= Ann Turner Robinson =

Ann Turner Robinson (née Turner; died 5 January 1741, London) was an English soprano of the 18th century.

==Life==
She was the youngest daughter of William Turner, a composer and countertenor who was a contemporary of Henry Purcell, and is best remembered for her association with the composer George Frideric Handel, in whose operas she sang.

On 6 September 1716 she married the organist John Robinson. They had a daughter who had a singing career, and other children who died young.

Her first public performances were in 1718: in the April of that year she sang a cantata by Ariosti at the King's Theatre, and the year after she performed in a private concert, accompanied by Handel, as a replacement for Jane Barbier. The librettist John Hughes commented at the time that
her late improvement has I think plac'd her in the first Rank of our English Performers.

Evidently the concert did nothing to harm Handel's opinion of her, for in 1720 she performed (alongside Anastasia Robinson, with whom she is often confused) in the first season of the Royal Academy, where she performed in Porta's Numitore, Domenico Scarlatti's Narciso, and, most famously, created the role of Polissena in Handel's Radamisto, a role that shows Handel's confidence in her abilities: the role calls for a range of e' to a and for some virtuosic excellence at a high tessitura.

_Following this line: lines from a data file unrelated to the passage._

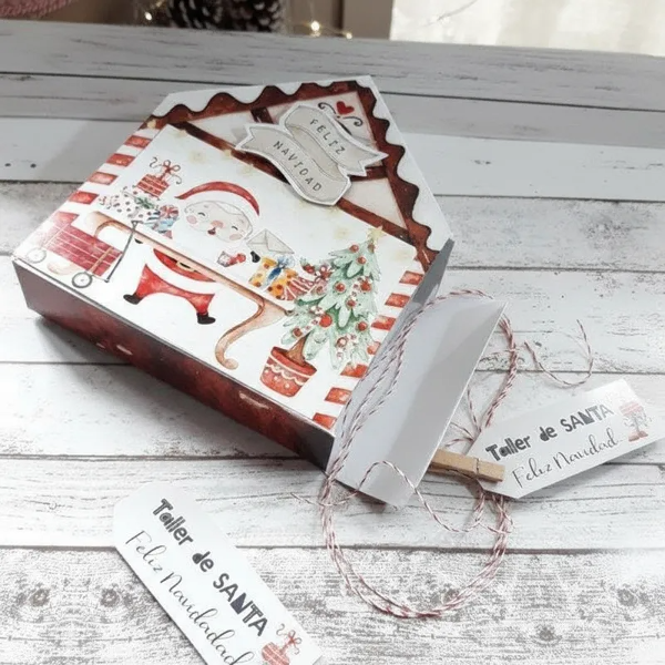 una caja golosinera con diseño y forma especial de Taller de Santa
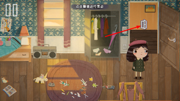 2、房间场景里按提示【点击眼睛进行行动】,找门图标区域,触发后续的互动流程。
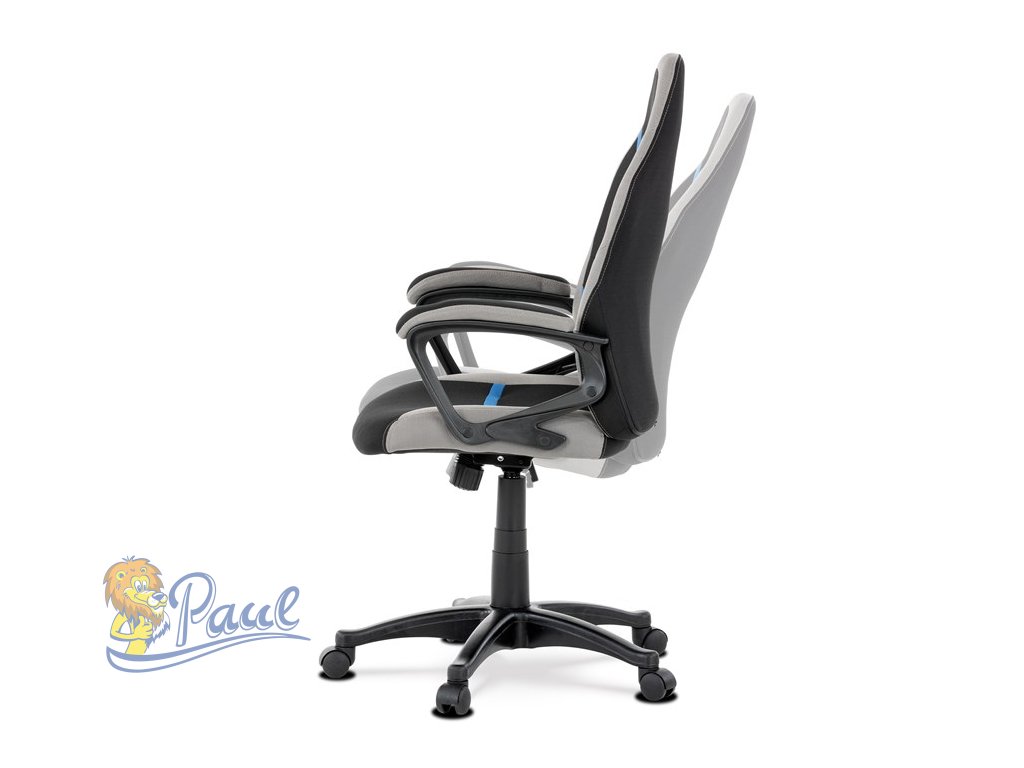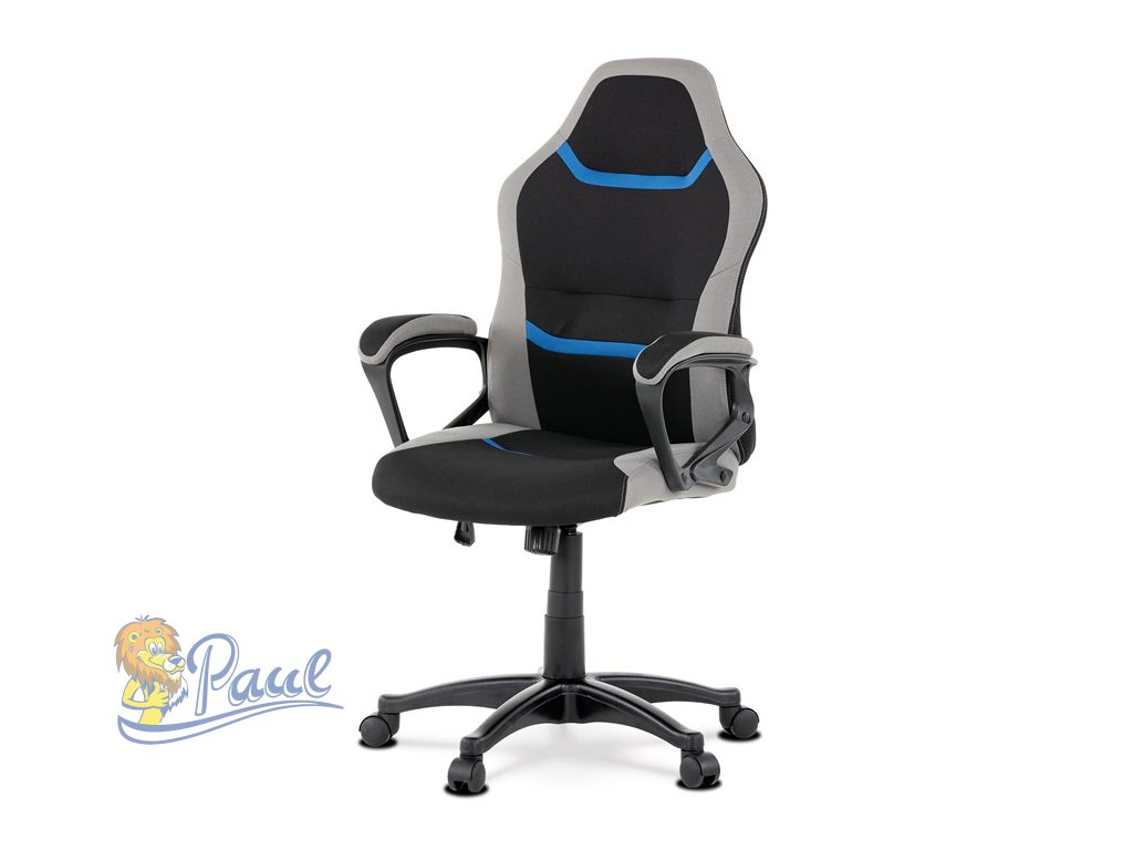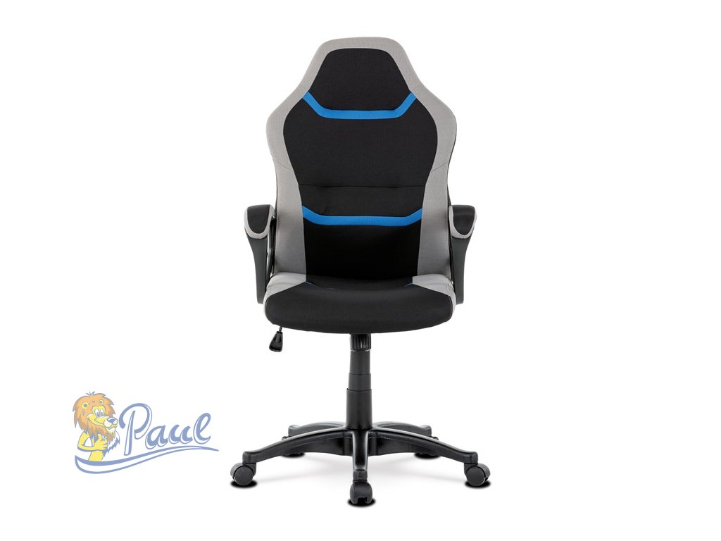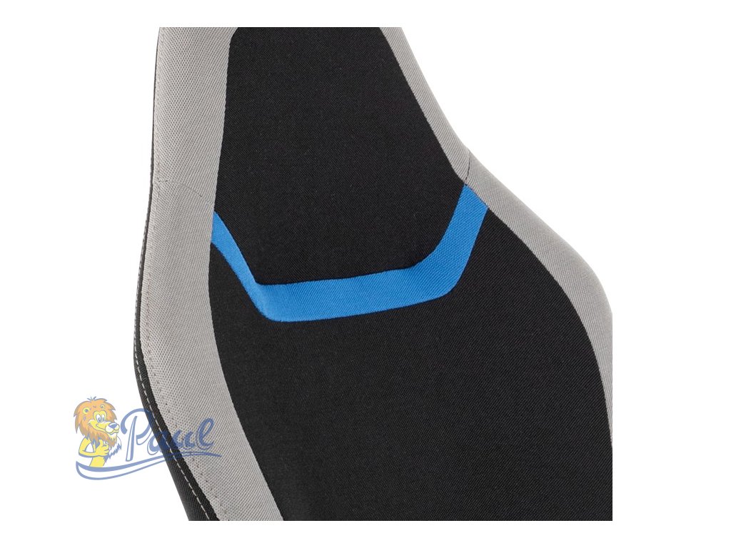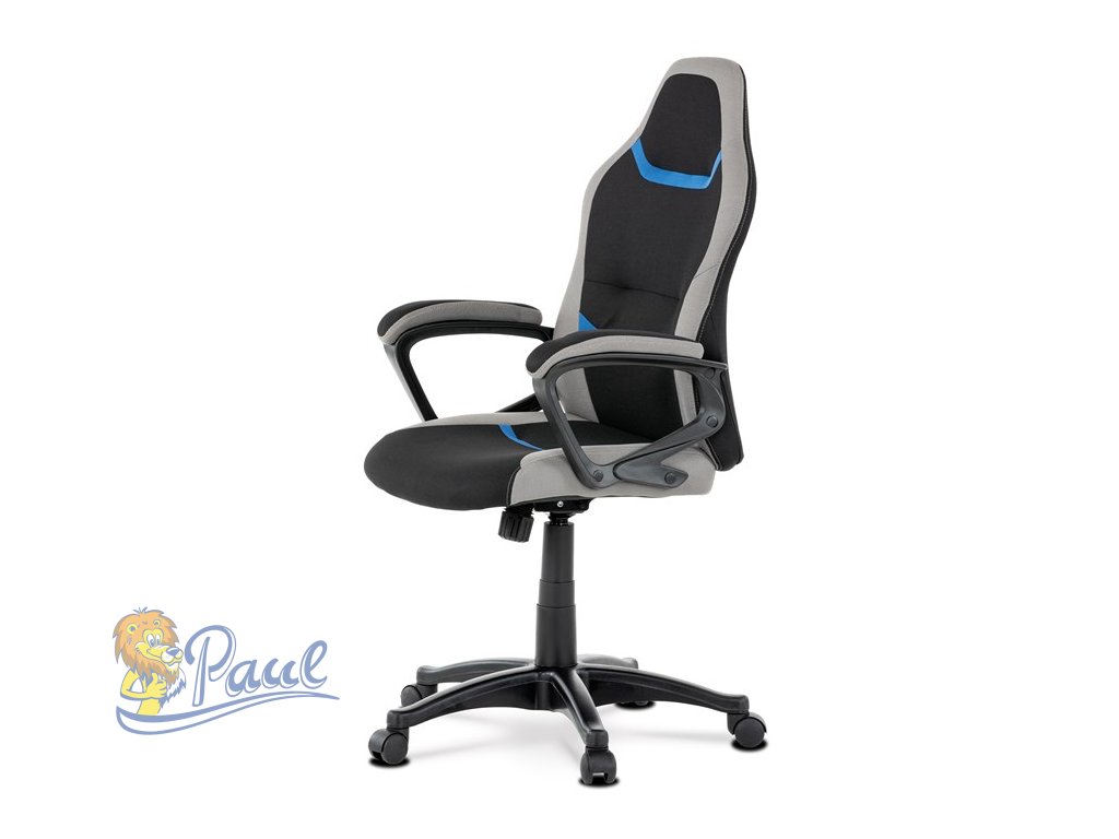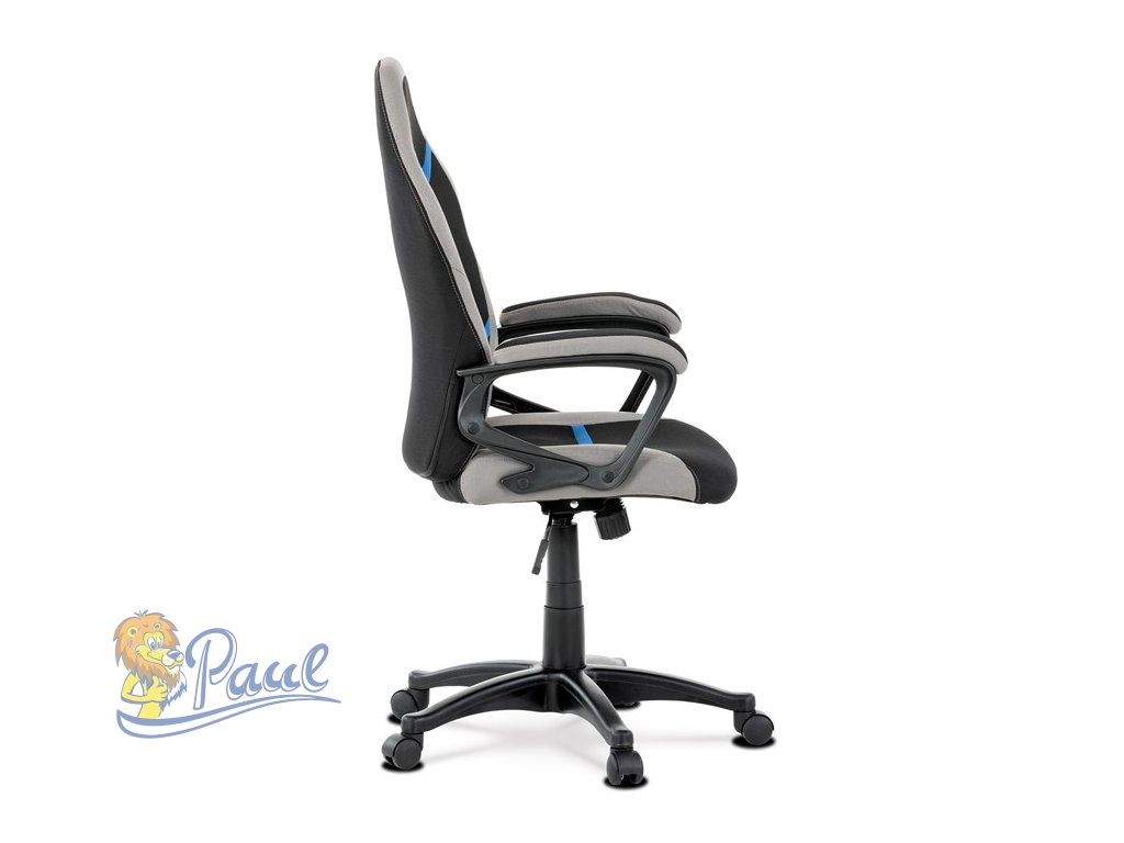 Elegantní kancelářská i herní židle se zaoblenými liniemi, obvodovým prošitím v šedé barvě a výrazným tvarovým prošitím sedáku i opěráku. Potah je kombinací černé a světle šedé látky hladké látky s decentním modrým detailem na opěráku i sedáku. Polstrování je z kvalitní PU pěny. Židle je vybavena houpacím mechanismem s nastavením protiváhy a aretací v základní poloze. Tuhost protiváhy lze regulovat velkým plastovým šroubem, umístěným pod sedákem. Výška sezení se upravuje páčkou na pravé straně přes kvalitní plynový píst. Znavené ruce si velice pohodlně položíte na plastové područky, na ložné ploše polstrované černou a šedou látkou. Šíře područek je úžasných 7,5 cm, ložná plocha 31 cm a výška 3 cm. Opěrák je vyšší, částečně prodyšný a s integrovanou statickou opěrkou hlavy. Zvýšené okraje sedáku i opěráku podporují správné držení těla i páteře a slouží jako výborná opora. Kříž je černý plastový o průměru je 65 cm, což zajišťuje výbornou stabilitu i u fyzicky náročnějších her. Kolečka jsou plastová pr. 5 cm. Nosnost židle je až 120 kg.Doplňkové parametry
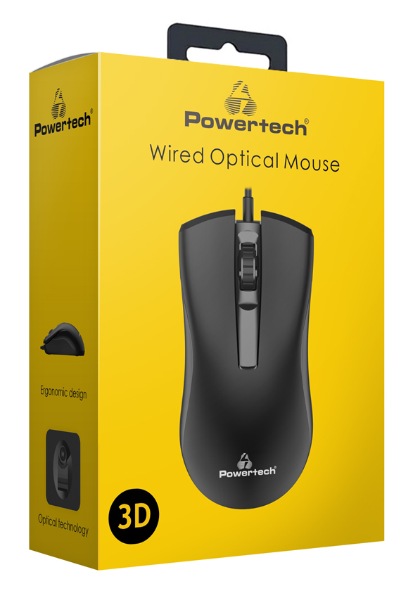 Ενσύρματο οπτικό ποντίκι της Powertech με εργονομικό σχεδιασμό που ταιριάζει απόλυτα στο χέρι και δεν προκαλεί κόπωση κατά τη λειτουργία του.
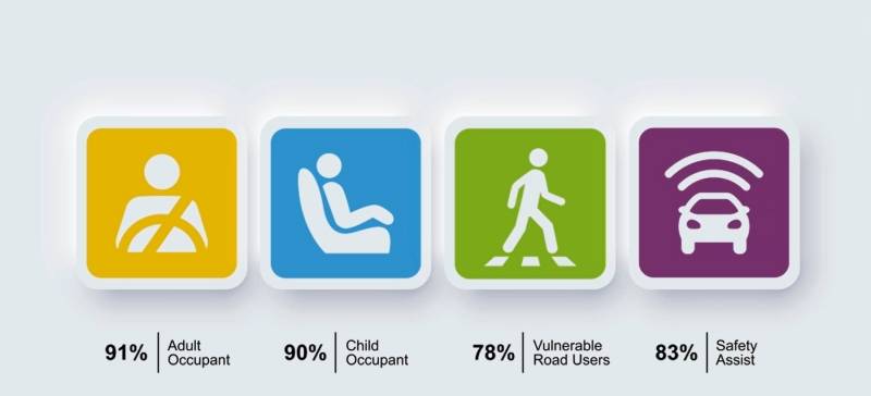 ZEEKR 7X ยานยนต์ SUV ขนาดกลางแบบขับเคลื่อนด้วยพลังงานไฟฟ้าได้รับคะแนน 91% สำหรับการปกป้องผู้โดยสารที่เป็นผู้ใหญ่ และ 90% สำหรับการปกป้องผู้โดยสารเด็ก แสดงถึงความมุ่งมั่นใส่ใจขั้นสูงสุดที่มอบความปลอดภัยให้ทุกคนในครอบครัว ด้านระบบช่วยเหลือผู้ขับขี่อัจฉริยะแบบครบวงจร ได้รับคะแนน 83% สำหรับการทดสอบด้าน Safety Assist
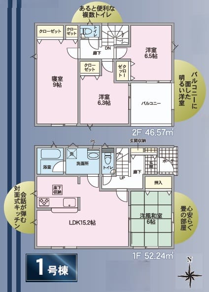 - 間取4LDK(LDK15.2帖、洋室9帖、洋室6.5帖、洋室6.3帖、洋風和室6帖)
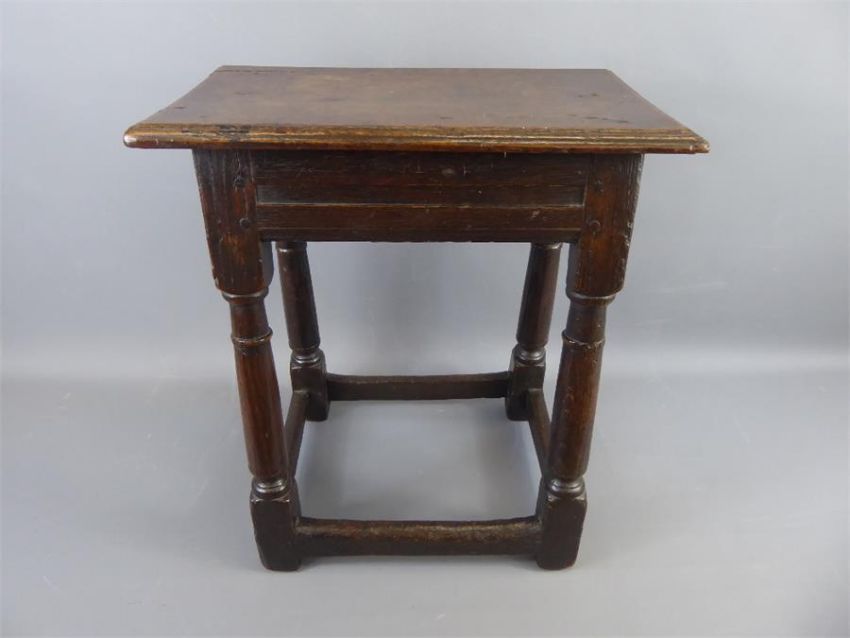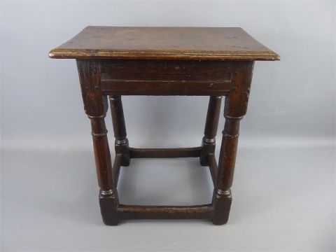 An Antique Oak Coffin Stool. The stool having turned legs, four straight stretchers and feet, approx 45 x 27 x 50 cms.
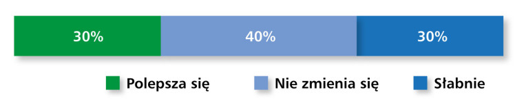 Oceny dotyczące koniunktury potwierdzają podział nastrojów – 30% ankietowanych wskazało na jej poprawę, 40% uznało, że pozostaje ona bez zmian, a kolejne 30% dostrzega symptomy spowolnienia (rys. 20). Oznacza to, że rynek znajduje się w stanie równowagi między oczekiwaniami poprawy a realnym spadkiem dynamiki w części sektorów przemysłowych.

It is likely that Turner Robinson was the "Mrs Robinson" who would regularly sing between the acts in the dramas at Drury Lane (late 1725 to late 1726), and who performed seven of Handel's operatic arias in her benefit on 28 April 1726. In a later benefit in March 1729 she included no fewer than 14 of Handel's works (the majority of which had been originally composed for Faustina Bordoni or Francesca Cuzzoni). In 1732 she sang in the first London performances of Handel's oratorios, as an Israelite woman in Esther.